> _What to produce_
Could you set down the records below exactly as they are, with no pictures?

[Records excerpted from a collection]

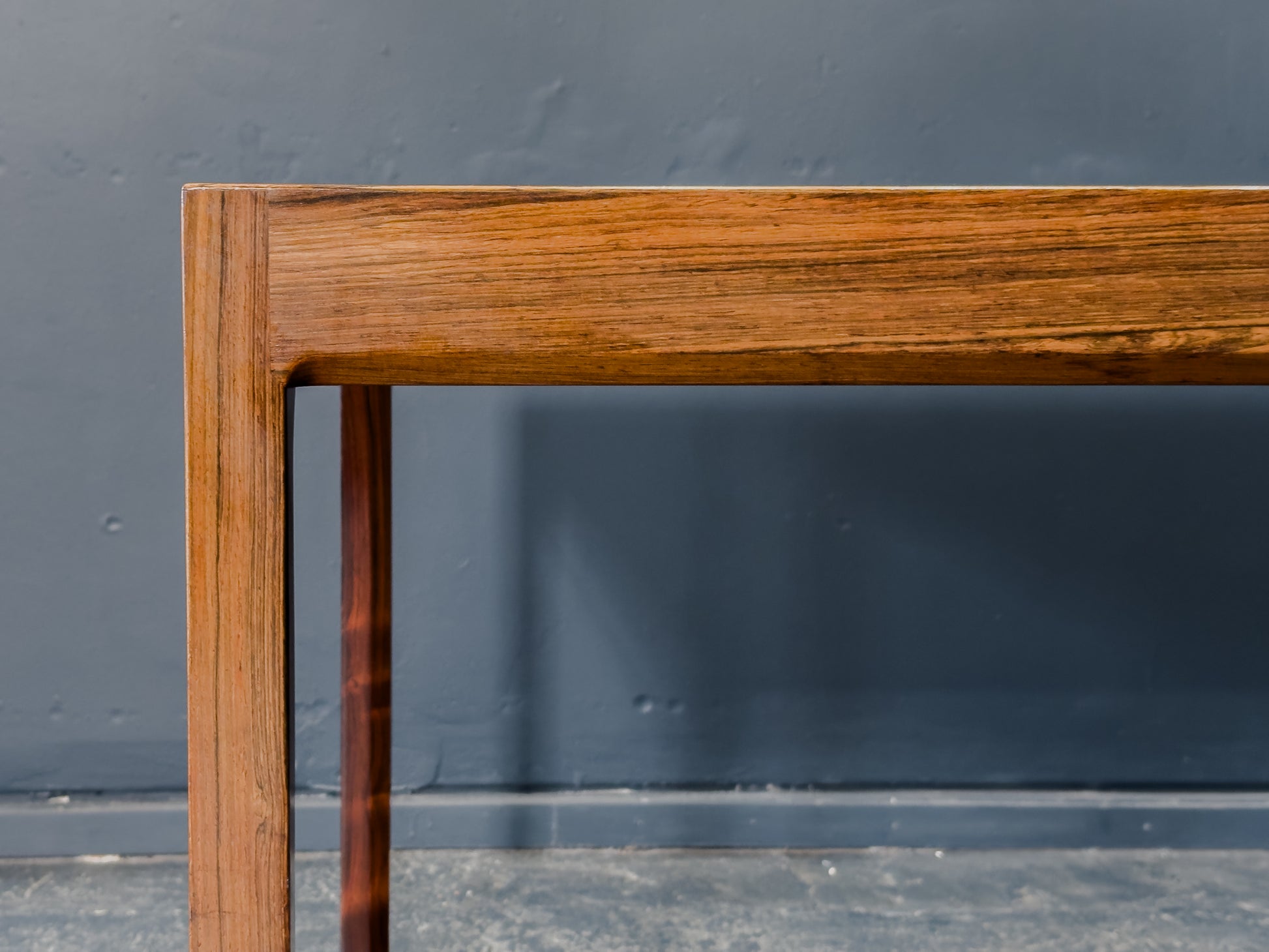 The surface is finished in a rich rosewood veneer, showcasing elegant linear grain patterns and warm tonal variations that add depth and character without overpowering the minimalist frame.
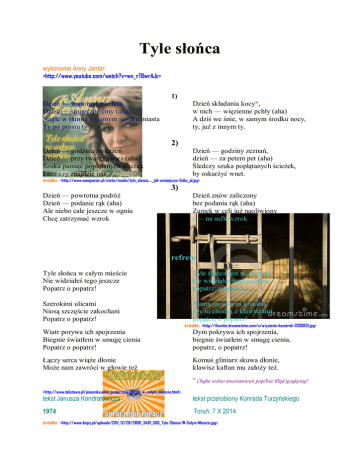 Tyle słońca wykonanie Anny Jantar: <http://www.youtube.com/watch?v=wn_rTBwrAJc> 1) Dzień — wspomnienie lata Dzień — słoneczne ćmy (aha) Nagle w tłumie w samym środku miasta Ty po prostu ty Dzień składania kocy*, w nich — więzienne pchły (aha) A dziś we śnie, w samym środku nocy, ty, już z innym ty. 2) Dzień — godzina zwierzeń Dzień — przy twarzy twarz (aha) Szuka pamięć poplątanych ścieżek Lecz czy znajdzie nas Dzień — godziny zeznań, dzień — za petem pet (aha) Śledczy szuka poplątanych ścieżek, by oskarżyć wnet. źródło: <http://www.annajantar.pl/static/media/tyle_slonca...._jak-zmniejszyc-fotke_pl.jpg> 3) Dzień — powrotna podróż Dzień — podanie rąk (aha) Ale niebo całe jeszcze w ogniu Chcę zatrzymać wzrok Dzień znów zaliczony bez podania rąk (aha) Zamek w celi już naoliwiony i — na sufit wzrok. refren: Tyle słońca w całym mieście Nie widziałeś tego jeszcze Popatrz o popatrz! Tyle słońca jest w areszcie, nie widziałaś tego jeszcze, popatrz, o popatrz! Szerokimi ulicami Niosą szczęście zakochani Popatrz o popatrz! Plamy światła za kratami, psy tu chodzą z klawiszami, popatrz, o popatrz! źródłó: <http://thumbs.dreamstime.com/x/więzienie-komórek-3280831.jpg> Wiatr porywa ich spojrzenia Biegnie światłem w smugę cienia Popatrz o popatrz! Dym pokrywa ich spojrzenia, biegnie światłem w smugę cienia, popatrz, o popatrz! Łączy serca wiąże dłonie Może nam zawróci w głowie też Komuś gliniarz skuwa dłonie, klawisz kaftan mu założy też. * Chyba wolno aresztantowi popełnić błąd językowy? <http://www.tekstowo.pl/piosenka,anna_jantar,tyle_slo_ca_w_calym_miescie.html> tekst Janusza Kondratowicza tekst przerobiony Konrada Turzyńskiego 1974 Toruń, 7 X 2014 źródło: <http://www.kiepy.pl/uploads/2011_12/29/21981_3481_500_Tyle-Slonca-W-Calym-Miescie.jpg>
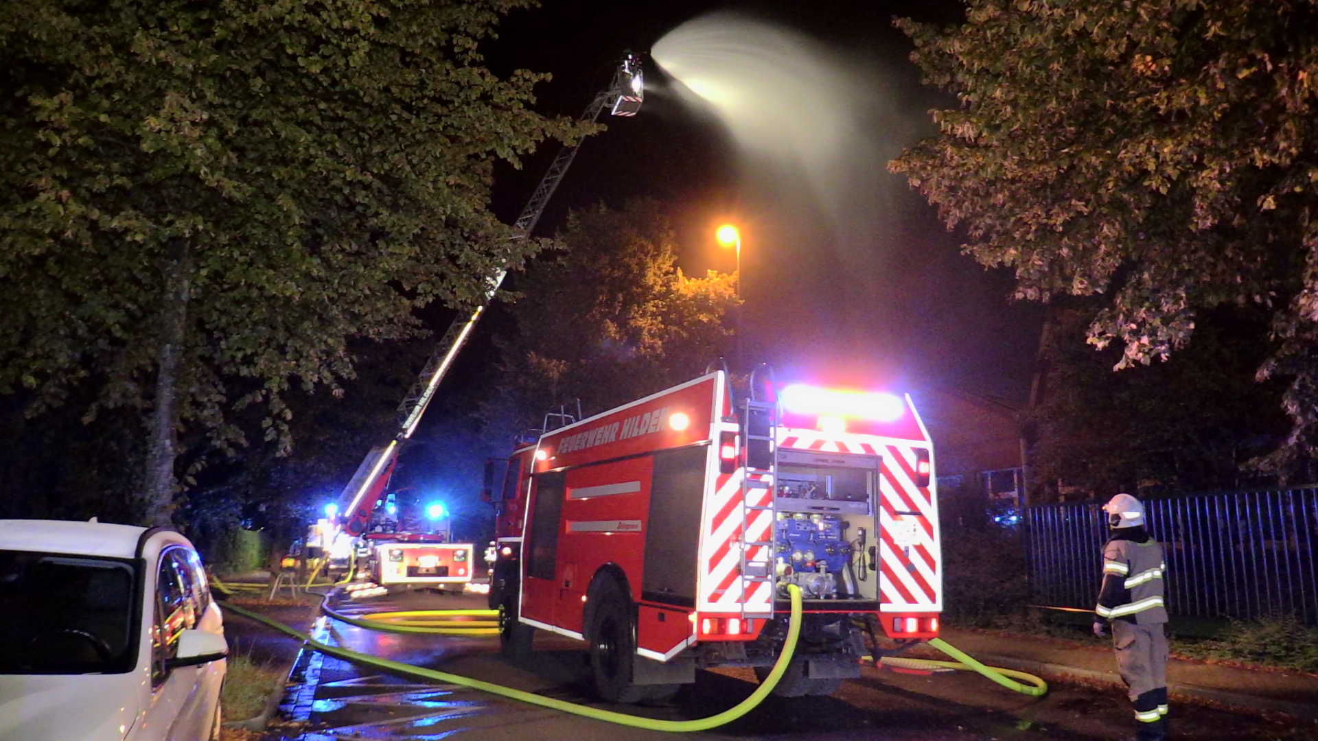 Die Feuerwehr Hilden wurde am 26.08.2021 gegen 23:50 Uhr zu einer Feuermeldung, auf die Max-Volmer-Straße, alarmiert. Bei Eintreffen der ersten Einsatzkräfte stellte sich heraus, dass es zu einem ausgedehnten Brandereignis, in einer Halle, gekommen war. Unverzüglich wurde der Löschangriff eingeleitet. Während der Einsatzmaßnahmen wurde die Alarmstufe auf „Vollalarm mit Sirene“ erhöht. Nachdem das Feuer unter Kontrolle war, mussten umfangreiche Entrauchungsmaßnahmen und Nachlöscharbeiten
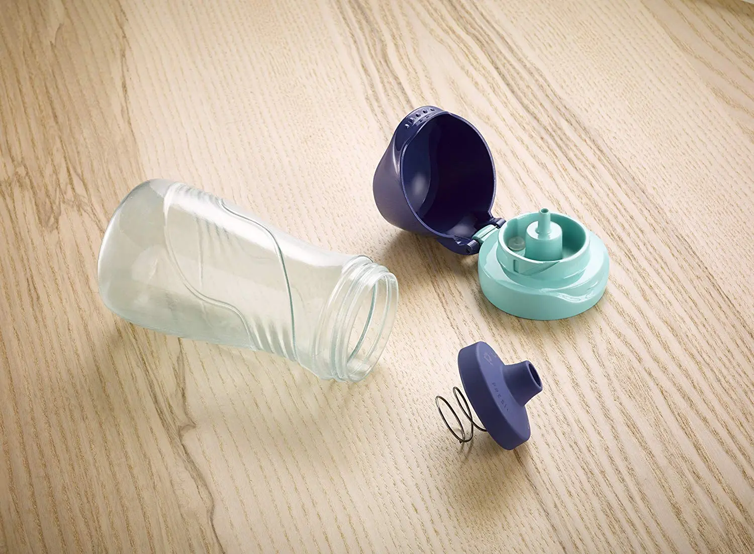 • 100% spill-proof design: Push to drink mechanism prevents leaks.
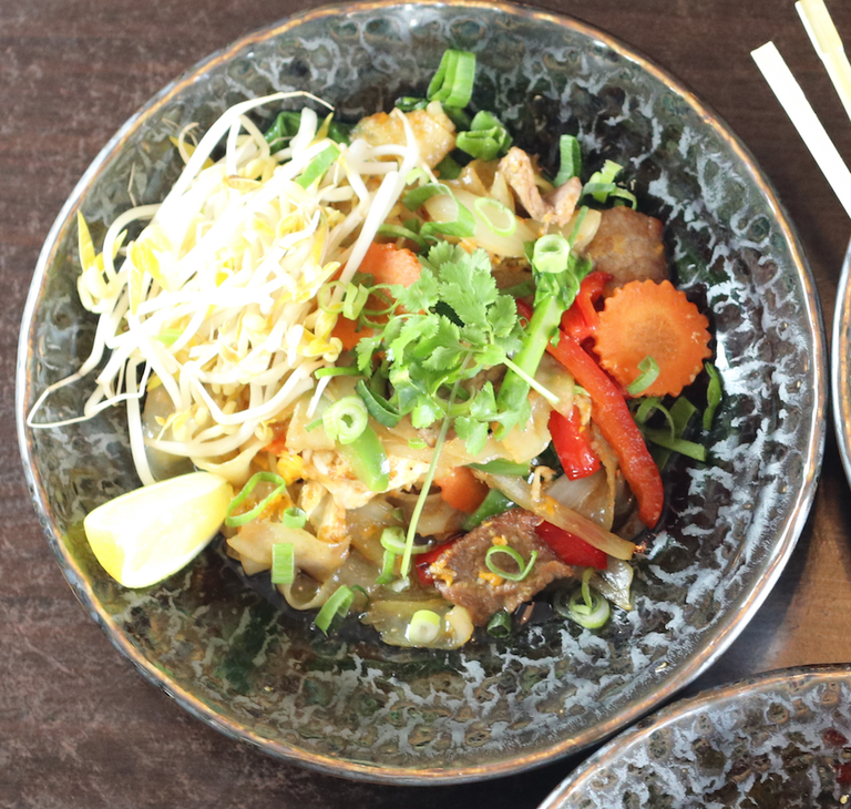Rice noodles wok fry with chicken or veg, egg in our tamarind base sauce, crushed peanuts and bean shoots.

> _Answer area_
 The surface is finished in a rich rosewood veneer, showcasing elegant linear grain patterns and warm tonal variations that add depth and character without overpowering the minimalist frame.
 Tyle słońca wykonanie Anny Jantar: <http://www.youtube.com/watch?v=wn_rTBwrAJc> 1) Dzień — wspomnienie lata Dzień — słoneczne ćmy (aha) Nagle w tłumie w samym środku miasta Ty po prostu ty Dzień składania kocy*, w nich — więzienne pchły (aha) A dziś we śnie, w samym środku nocy, ty, już z innym ty. 2) Dzień — godzina zwierzeń Dzień — przy twarzy twarz (aha) Szuka pamięć poplątanych ścieżek Lecz czy znajdzie nas Dzień — godziny zeznań, dzień — za petem pet (aha) Śledczy szuka poplątanych ścieżek, by oskarżyć wnet. źródło: <http://www.annajantar.pl/static/media/tyle_slonca...._jak-zmniejszyc-fotke_pl.jpg> 3) Dzień — powrotna podróż Dzień — podanie rąk (aha) Ale niebo całe jeszcze w ogniu Chcę zatrzymać wzrok Dzień znów zaliczony bez podania rąk (aha) Zamek w celi już naoliwiony i — na sufit wzrok. refren: Tyle słońca w całym mieście Nie widziałeś tego jeszcze Popatrz o popatrz! Tyle słońca jest w areszcie, nie widziałaś tego jeszcze, popatrz, o popatrz! Szerokimi ulicami Niosą szczęście zakochani Popatrz o popatrz! Plamy światła za kratami, psy tu chodzą z klawiszami, popatrz, o popatrz! źródłó: <http://thumbs.dreamstime.com/x/więzienie-komórek-3280831.jpg> Wiatr porywa ich spojrzenia Biegnie światłem w smugę cienia Popatrz o popatrz! Dym pokrywa ich spojrzenia, biegnie światłem w smugę cienia, popatrz, o popatrz! Łączy serca wiąże dłonie Może nam zawróci w głowie też Komuś gliniarz skuwa dłonie, klawisz kaftan mu założy też. * Chyba wolno aresztantowi popełnić błąd językowy? <http://www.tekstowo.pl/piosenka,anna_jantar,tyle_slo_ca_w_calym_miescie.html> tekst Janusza Kondratowicza tekst przerobiony Konrada Turzyńskiego 1974 Toruń, 7 X 2014 źródło: <http://www.kiepy.pl/uploads/2011_12/29/21981_3481_500_Tyle-Slonca-W-Calym-Miescie.jpg>
 Die Feuerwehr Hilden wurde am 26.08.2021 gegen 23:50 Uhr zu einer Feuermeldung, auf die Max-Volmer-Straße, alarmiert. Bei Eintreffen der ersten Einsatzkräfte stellte sich heraus, dass es zu einem ausgedehnten Brandereignis, in einer Halle, gekommen war. Unverzüglich wurde der Löschangriff eingeleitet. Während der Einsatzmaßnahmen wurde die Alarmstufe auf „Vollalarm mit Sirene“ erhöht. Nachdem das Feuer unter Kontrolle war, mussten umfangreiche Entrauchungsmaßnahmen und Nachlöscharbeiten
 • 100% spill-proof design: Push to drink mechanism prevents leaks.
Rice noodles wok fry with chicken or veg, egg in our tamarind base sauce, crushed peanuts and bean shoots.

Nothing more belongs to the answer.